Posted by danbolser on 20 Apr 2009 at 17:17 GMT

Well, we can't really send someone to prison for a crime that they
didn't consciously commit... And if it was a crime born of their
genetic predetermination, how can we say that they consciously chose
to commit the crime?

So should we screen people who are applying for jobs where their risk
taking behaviour may put them in a position of legal responsibility?
Or should we screen the general population and send that fraction of
them to the state funded 'school for the financially challenged'? Or
do we send them to prison without trial based on their genetic guilt?
Or do we unerringly rely on our sanctified concept of the Individual
in society, and ignore such behavioural genetic risk factors?

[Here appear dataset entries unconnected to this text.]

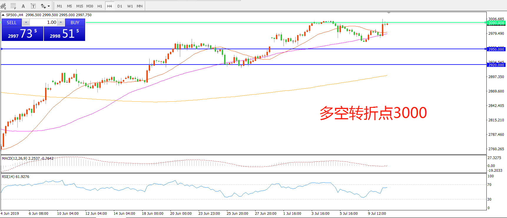 多空转折点:3000.00
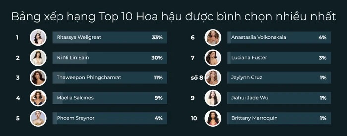 Đại diện đến từ Myanmar cũng đã theo sát sao với 30% lượt bình chọn. Lê Hoàng Phương - đại diện đến từ Việt Nam hoàn toàn vắng bóng tại bảng xếp hạng này.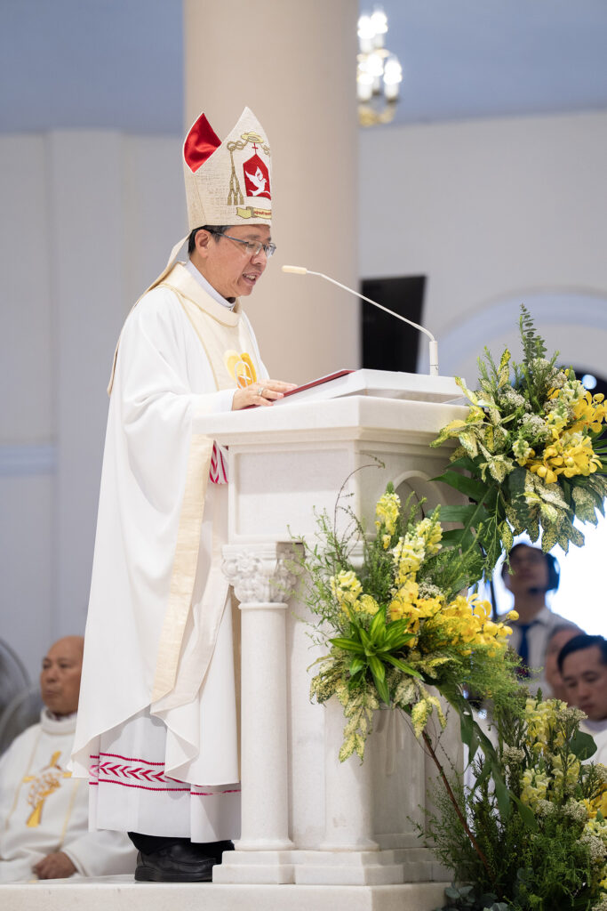Thánh Lễ được tổ chức vào lúc 9g ngày 25.01.2024 tại Nhà thờ Tân Định, với sự chủ tế của Đức Cha Giuse Đỗ Mạnh Hùng – Giám mục Giáo phận Phan Thiết. Đồng tế với ngài có Đức Cha Giuse Bùi Công Trác – Giám mục Phụ tá Tổng Giáo phận Sài Gòn, Cha Tổng đại diện Ignatio Hồ Văn Xuân, Quý Đức Ông, Quý Cha trong và ngoài Giáo phận.

Or perhaps such determinants will always be so marginal that they will
never require us to rethink our notion of the Individual.

What do you think?


More generally, how do we even begin to reconcile a legal system based
on the notion of culpability with such findings from behavioural
genetics? Should we bury our heads in the sand and say that some
things were never meant to be known ... or do we increasingly look for
genetic determinants of socially significant behaviours and leave the
discussion of the ramifications to 'somebody else'?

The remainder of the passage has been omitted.